Jupiter (JUP ) è una piattaforma di trading e finanza basata su Solana (SOL ) che è nata come aggregatore di exchange decentralizzati. Ora combina swap spot, ordini limitati e ricorrenti, futures perpetui, prestiti, una stablecoin, strumenti di portafoglio, wallet, pagamenti, lanci di token e API per sviluppatori.

JUP è il token di governance e allineamento di Jupiter. Non è richiesto per le operazioni ordinarie, non garantisce la sicurezza di Solana e non conferisce ai detentori un diritto legale diretto sui ricavi del protocollo. Il suo valore attuale deriva principalmente dallo staking di governance, dalle ricompense trimestrali del token e dagli acquisti sul mercato aperto finanziati da una parte dei ricavi on‑chain di Jupiter.

Jupiter in sintesi

Token JUP, un token SPL su Solana
Prodotto principale Aggregatore di liquidità e trading spot su Solana
Prodotti estesi Perpetui, lending, JupUSD, JLP, wallet, API, lanci e pagamenti
Contributori fondatori Meow e il team di Jupiter
Data di lancio di JUP 31 gennaio 2024
Offerta massima attuale Circa 6,865 miliardi dopo i burn approvati
Offerta circolante Circa 3,32 miliardi di JUP a settembre 2026
Periodo di unstaking della governance 7 giorni

Cos’è Jupiter?

Jupiter è un’interfaccia di trading on‑chain, un sistema di routing, una suite di protocolli e una piattaforma per sviluppatori su Solana. Il suo scopo originario era cercare exchange decentralizzati e fonti di liquidità per trovare una rotta di swap migliore rispetto a quella che un utente potrebbe individuare visitando un singolo mercato.

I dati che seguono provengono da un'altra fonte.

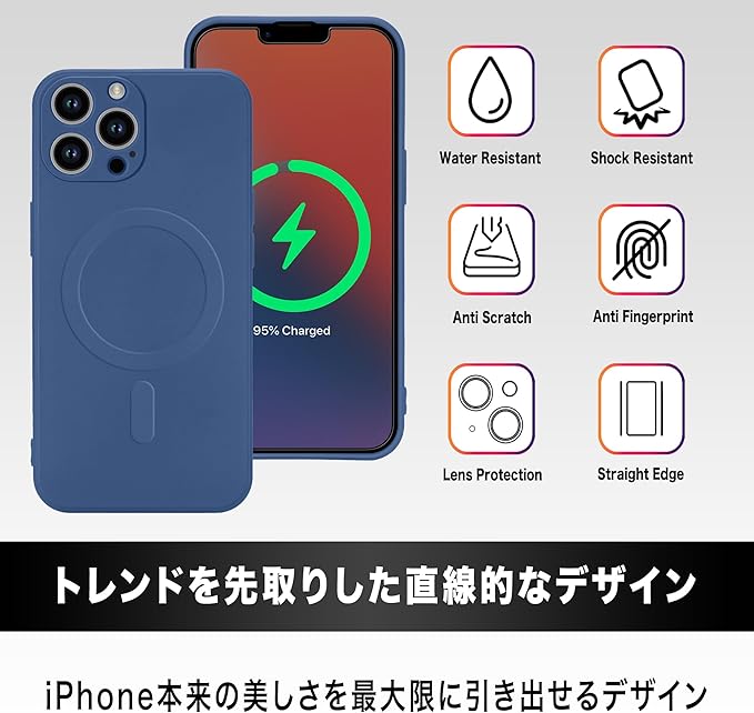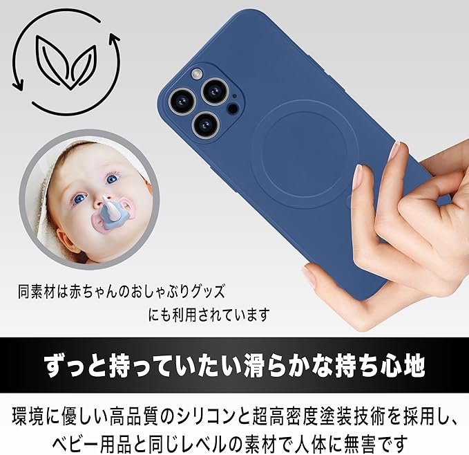 [高品質リキッドシリコン] iphone 13 Pro Max マグネット搭載 シリコンケースは環境に優しい食品グレードのリキッドシリコーンで作られ、良い肌触りを兼ねています。異臭なし、色あせない、指紋・傷防止できます。汚れが付いても、濡れた布で簡単に取れます。

Un aggregatore può suddividere un trade tra più pool, instradare attraverso token intermedi e confrontare l’impatto sul prezzo. Questo è utile perché la liquidità su una blockchain pubblica è frammentata tra market maker automatici, libri degli ordini, market maker tradizionali e sistemi di routing proprietari.

Jupiter si è evoluto in quello che chiama un “exchange tutto‑in‑uno”. L’interfaccia ora copre trading spot, derivati, prestiti, prodotti di rendimento, stablecoin, asset tokenizzati, lanci, pagamenti, gestione del portafoglio e wallet per consumatori.

I prodotti non condividono tutti lo stesso livello di rischio. Uno swap spot instradato, una posizione perpetual con leva, un deposito JLP, un vault di lending e JupUSD si basano su contratti intelligenti, operatori, oracoli, fornitori di liquidità e assunzioni economiche diversi.

Jupiter Spot e routing degli swap

Jupiter Spot combina swap di mercato, ordini limitati, acquisti ricorrenti, scoperta di token, grafici e informazioni sul portafoglio. Il suo router confronta i percorsi disponibili e tenta di massimizzare la quantità di token ricevuta dopo l’impatto sul prezzo e i costi di routing.

La modalità predefinita Ultra astrae la costruzione della transazione, il routing, la gestione dello slippage, le commissioni di priorità, la trasmissione e alcune protezioni contro ordini dannosi. Il supporto senza gas può consentire la detrazione delle commissioni durante il flusso di esecuzione anziché richiedere all’utente di possedere SOL in anticipo.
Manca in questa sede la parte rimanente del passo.